• Work to complete:
Go to the line with "Earning a place" in the material below and copy from there through the line with "これに対し、日本における一般", exactly. Pictures are not copied.

§ §

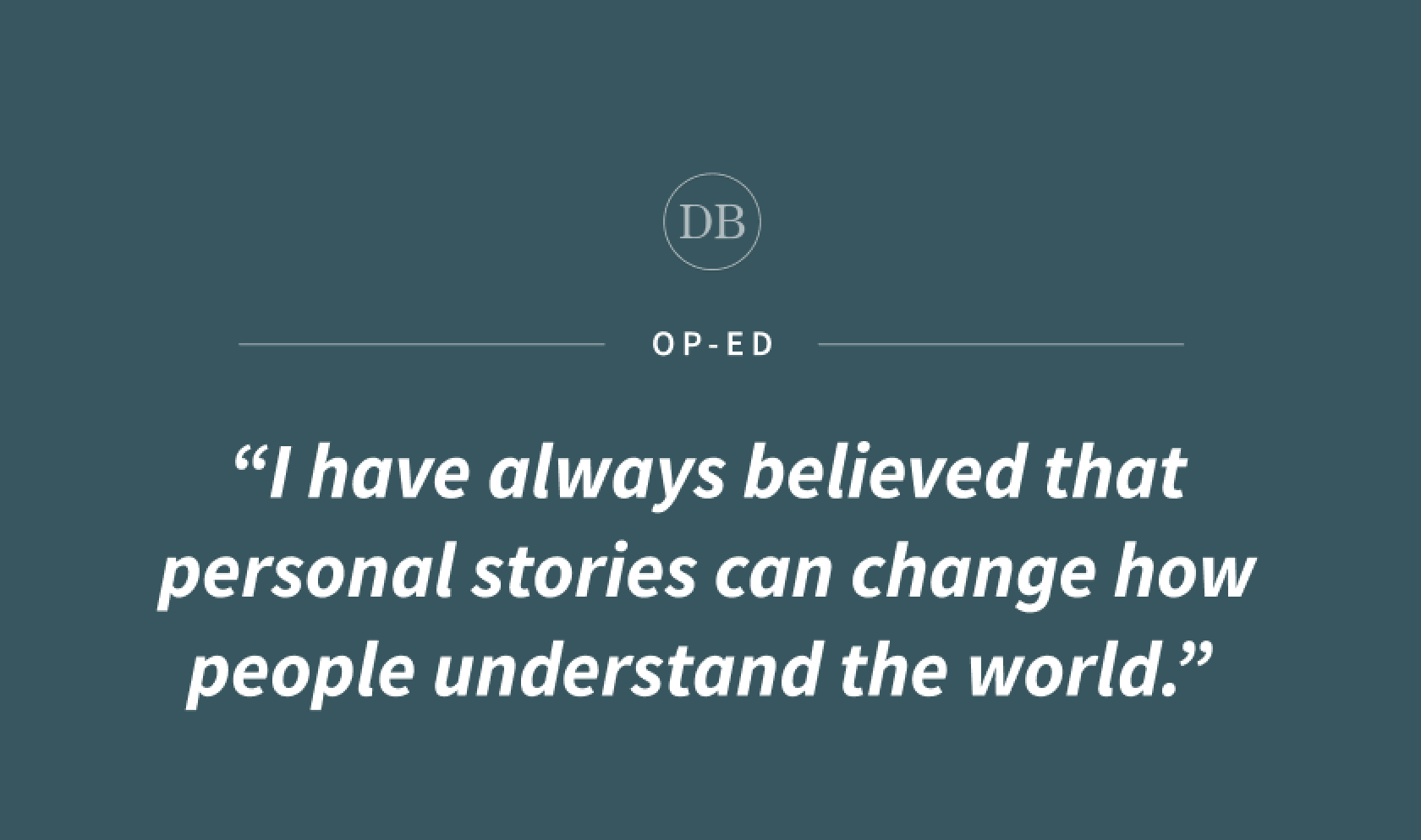 I have always believed that personal stories can change how people understand the world. A story fills in the parts that statistics are not able to.
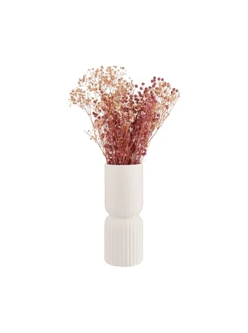 Ganz schön raffiniert: Die moderne Two-Part Vase aus weißem Steinzeug verbindet zwei Vasen in einer und steht bei Bedarf für Ihre Blumen Kopf. Ob Sie die geriffelte oder glatte Seite oben oder unten nutzen, bleibt dabei Ihrem guten Geschmack, Ihrer Lust und Laune überlassen.
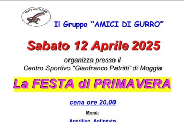 Il Gruppo Amici di Gurro SABATO 12 APRILE 2025 organizza presso il Centro Sportivo "Gianfranco Patritti" di Moggia LA FESTA DI PRIMAVERA cena ore 20.00 Prezzo cena € 30,00
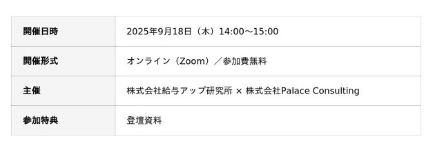 2025年9月18日(木)、株式会社給与アップ研究所と株式会社Palace Consultingの共催によるオンラインセミナー 「不動産業界特化!『採用』と『業務改善』で人と組織を強くする最新手法」がZoomウェビナーにて開催されました。
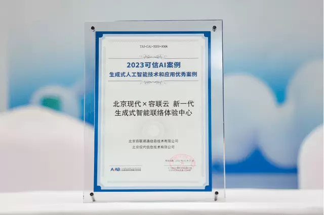 杭州通用人工智能论坛暨AIIA人工智能产业发展大会近期召开,容联云受邀出席峰会,并通过北京现代汽车—新一代生成式智能联络体验中心应用案例,获得中国信通院2023可信AI案例及生成式人工智能技术和应用优秀案例。
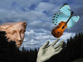 My first idea was to put the wings on the guitar. Then, I wanted a story. So, I added the woman letting go of the guitarfly. She is content letting it go.
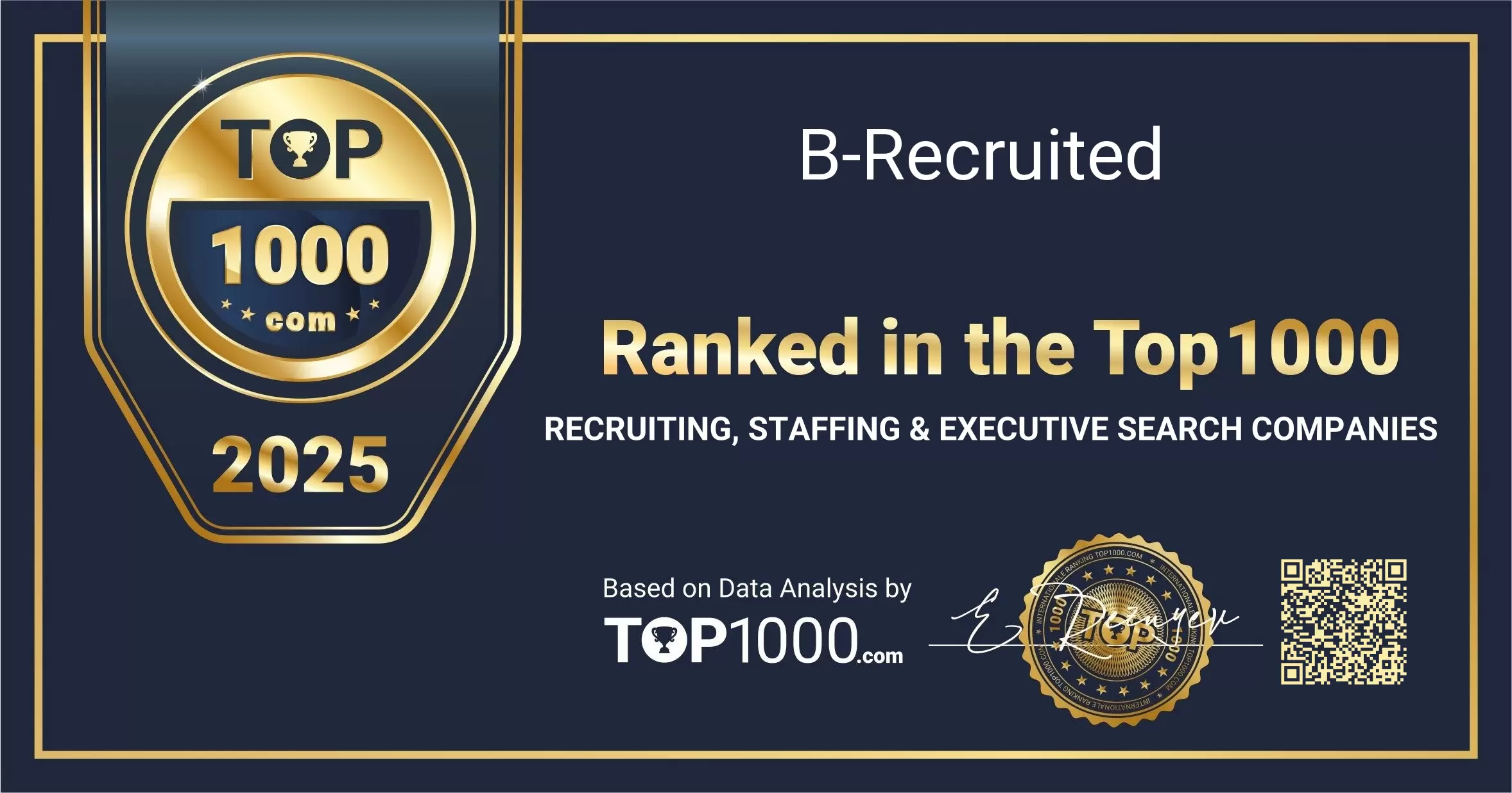 Earning a place among the Top 1000 Recruiting, Staffing & Executive Search Companies reflects strong visibility and trust from both employers and candidates. This recognition celebrates the sustained effort of B-Recruited to support organisations with high-quality talent solutions and to guide professionals through key career moves.
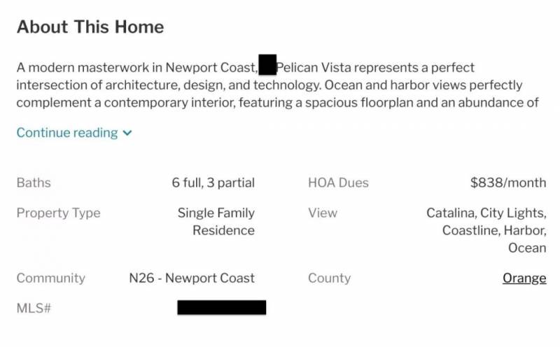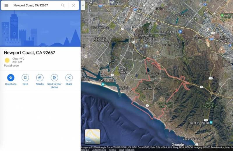 目前,暂时无法使用第一种方法去对应女主炫富的照片,但她这个情况非常适合用第二种方法,因为其定位已经将查询目的地缩到一个相当小的范围,即Newport Beach的Newport Coast,这是一个范围很小,人口不到一万的一个地区,而且区域内有不少山地,房产数量少但总价高,要找到具体是哪一套房,一点也不难。
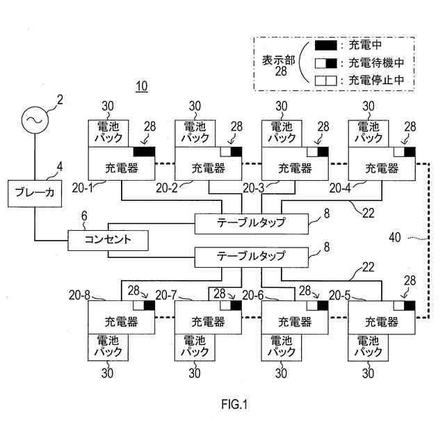 これに対し、日本における一般家庭用コンセントの定格電流は15Aであり、1つのブレーカからコンセントに供給可能な電流は20Aである。このため、1つのブレーカから電力供給を受けるコンセントに上記充電器を複数台接続し、そのうちの2台以上の充電器で電池パックへの充電を実施すると、ブレーカがオフしてしまう。この結果、各充電器への電力供給が遮断され、全ての充電器で電池パックへの充電を実施することができなくなる。
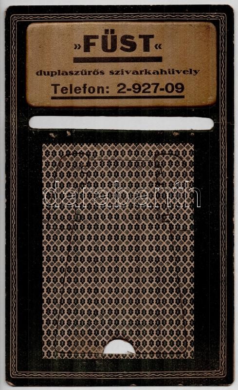 1925 "Füst" dupla szűrős szivarkahüvely naptártartó reklámtábla, jó ál... https://www.darabanth.com/hu/373-Gyorsarveres/373.0/Mutargy-papirregiseg-egyeb/Reklam~500022/1925-Fust-dupla-szuros-szivarkahuvely-naptartarto-reklamtabla-jo-allapotban-30-5C39718-5~II2181590
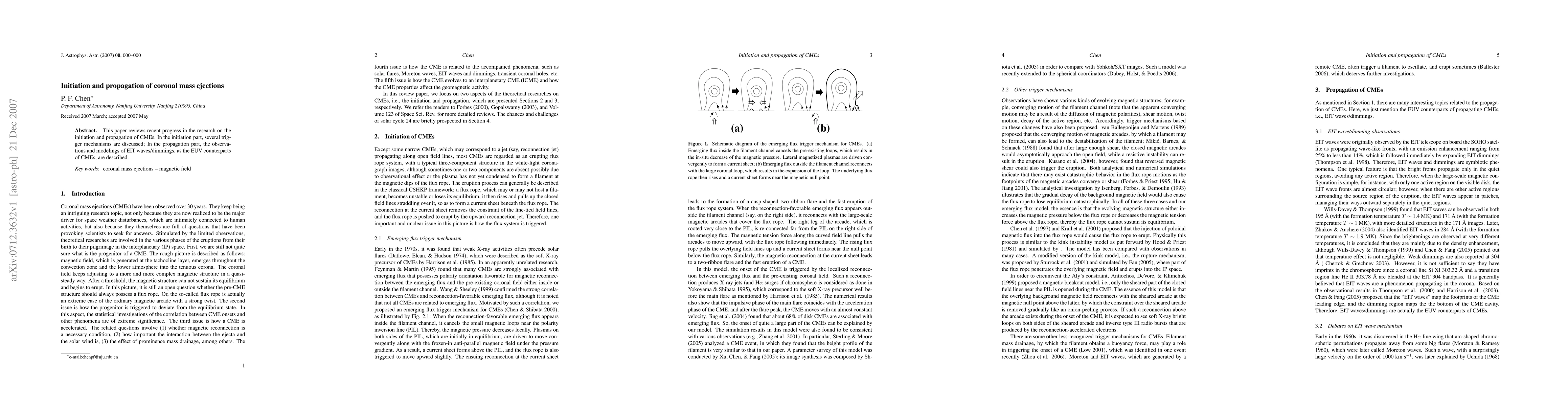 This paper reviews recent research on coronal mass ejections (CMEs), focusing on their initiation and propagation mechanisms, including trigger mechanisms and EUV wave observations.
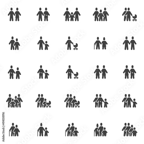 Family and relationship vector icons set, modern solid symbol collection, filled style pictogram pack. Signs, logo illustration. Set includes icons as four people family, mother, father, son, daughter
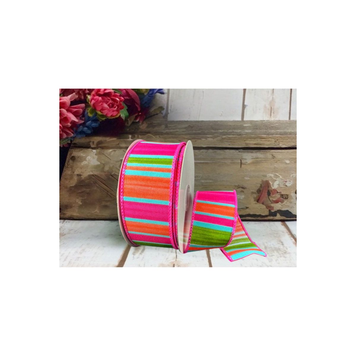 Add a vibrant pop of color to your crafting projects with this stunning wired edge ribbon featuring a cheerful horizontal stripe pattern. The 1 1/2-inch wide ribbon comes in a generous 10-yard roll, perfect for multiple projects. Set against a bright fuchsia base, the ribbon showcases a delightful mix of turquoise, orange, and lime green stripes that create a fresh, modern look. The wired edges make it easy to shape, bend, and manipulate the ribbon into beautiful bows, loops, and decorative elements. Ideal for floral arrangements, wreath making, gift wrapping, and various DIY crafting projects. The durable construction ensures the ribbon holds its shape while remaining flexible enough to work with. Whether you're creating seasonal decorations, enhancing gift presentations, or adding finishing touches to craft projects, this versatile ribbon brings a splash of contemporary style to any creation. 41509-09-46
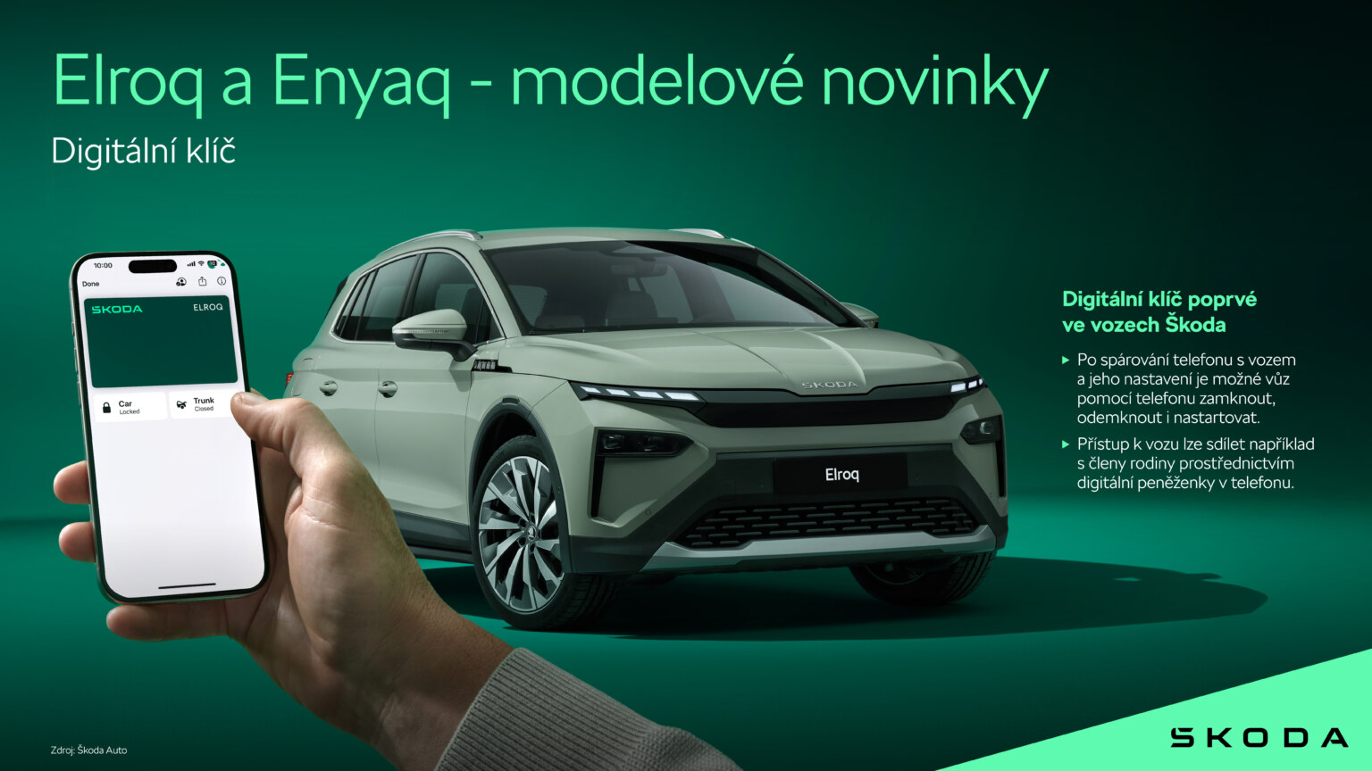Vozy Škoda budou poprvé vybaveny funkcí digitálního klíče2. Po spárování telefonu s vozem a jeho nastavení mohou uživatelé vůz pomocí chytrého telefonu zamknout, odemknout i nastartovat. Jakmile je digitální klíč aktivován v aplikaci MyŠkoda, lze přístup k vozu sdílet například s členy rodiny prostřednictvím digitální peněženky v telefonu.

§ §

• Completed exercise:
 Earning a place among the Top 1000 Recruiting, Staffing & Executive Search Companies reflects strong visibility and trust from both employers and candidates. This recognition celebrates the sustained effort of B-Recruited to support organisations with high-quality talent solutions and to guide professionals through key career moves.
 目前,暂时无法使用第一种方法去对应女主炫富的照片,但她这个情况非常适合用第二种方法,因为其定位已经将查询目的地缩到一个相当小的范围,即Newport Beach的Newport Coast,这是一个范围很小,人口不到一万的一个地区,而且区域内有不少山地,房产数量少但总价高,要找到具体是哪一套房,一点也不难。
 これに対し、日本における一般家庭用コンセントの定格電流は15Aであり、1つのブレーカからコンセントに供給可能な電流は20Aである。このため、1つのブレーカから電力供給を受けるコンセントに上記充電器を複数台接続し、そのうちの2台以上の充電器で電池パックへの充電を実施すると、ブレーカがオフしてしまう。この結果、各充電器への電力供給が遮断され、全ての充電器で電池パックへの充電を実施することができなくなる。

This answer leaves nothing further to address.